This article was first published in the October 2015 issue of WIRED magazine. Be the first to read WIRED's articles in print before they're posted online, and get your hands on loads of additional content by subscribing online.
Nobel-winning economist Kenneth Arrow once noted that "an economist by training thinks of him or herself as the guardian of rationality, the ascriber of rationality to others, and the prescriber of rationality to the social world."
However, in creating better tools and value for society, engineers trump economists. Why? Rationality aside, engineers design under constraints - most notably the laws of nature and the limits of human knowledge. From the design of satellites to sewer systems, engineers maximise utility within the confines of what is practical. Economists also appreciate constraints, and their models and advice have had important consequences. For example, how does health insurance change the way people use medical care, and what is the optimal coverage plan? The fundamental issue, though, is that most economic analyses are built on the assumption that humans make rational decisions.

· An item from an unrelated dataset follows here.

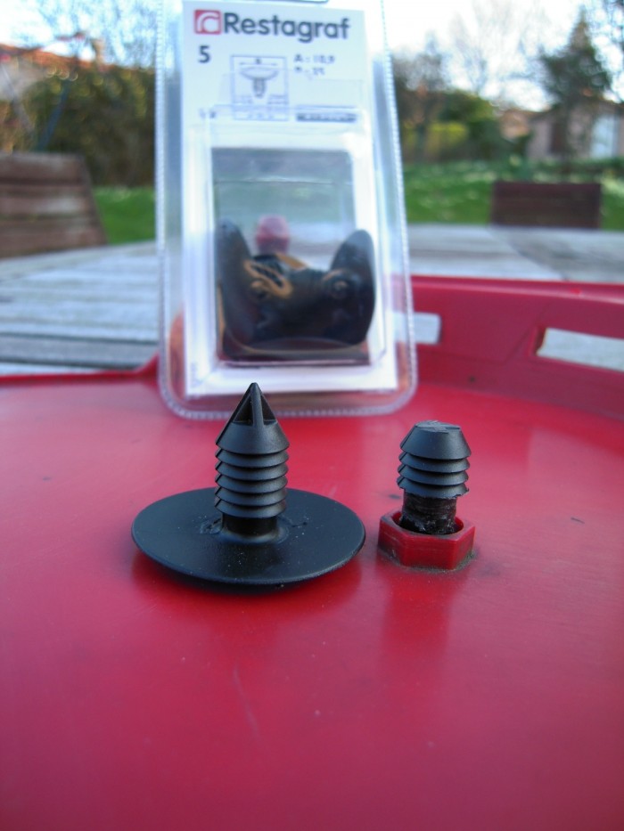 Oui très bon système D Comme demmer..., !quand une visse plastique de maintien de plaque est morte, mettre 1 visse noyé dans laraldite, recouvert d'une gaine electrique rétractable, ça le fait nickel. Et un coup de pinceau retoucheur en peinture côté plaque vue.

Economists could learn from the ways engineers deal with less-than-perfect human rationality. Engineers have nuanced capabilities to take human factors into consideration through the long-standing practice of user-centred design -- a strategy that economists have only recently begun to appreciate under the name of behavioural economics. Using the power of feedback, user-centred design practices have been exploited to foster new products, services and markets. And, critically, the designs have played a decisive role in influencing behaviour change.
Consider Stockholm. At the turn of the millennium, the city was struggling to control its rush-hour traffic mess. Fortuitously, the city administrators consulted IBM, whose engineers possessed expertise beyond the usual disciplines of civil engineering and urban planning. Instead of proposing the conventional solutions, such as a new bridge or an additional highway, the IBM engineers proposed a congestion-pricing system that dramatically transformed public behaviour by motivating people to think of other transportation choices during peak hours. This solution is a prime example of "design economics", a term championed by Alvin Roth, an engineer-turned-economist.
Roth has applied engineering design principles to previously intractable problems such as matching medical residents with hospitals and setting up life-saving kidney-exchange programmes -- achievements that led to his Nobel Prize. For economics to be more useful, economists need to take a comprehensive systems approach just as engineers consider far more than the equations of physics and forces of gravity in designing buildings and bridges. Their stability, durability and reliability depend on the mechanics of supporting materials and other forces, and also on how people use these structures.
These types of practical engineering insights are crucial in the redesign of our policy systems that have traditionally relied on the advice of economists. "Engineering is often less elegant than the simple underlying physics," Roth writes. "But it allows bridges designed on the same basic model to be built longer and stronger over time, as the complexities and how to deal with them become better understood."
Engineering and economics have both made vital contributions to society, each with its limitations. Engineers who develop smartphones or aeroplanes may not have the acumen of economists and marketers to suggest business models that lock us into two-year contracts with phone-service providers or earn loyalty air miles. But they do bring the much broader and useful expertise of systems at the junction of humans, technologies and the environment. They also build redundancies, create fail-safe mechanisms and implement continuous improvements: a much better approach than establishing committees or bureaucratic institutions in response to panic.
Through an increased reliance on engineers -- or better yet, rethinking economics using the principles of engineering - policymakers can develop more effective solutions to social challenges. In engineering design there's a saying: "In theory, there's no difference between theory and practice. In practice, there is." Grand theories will not repair deteriorating highways or restore public health systems weakened by disease outbreaks. We need workable solutions. It's time to give engineers a chance.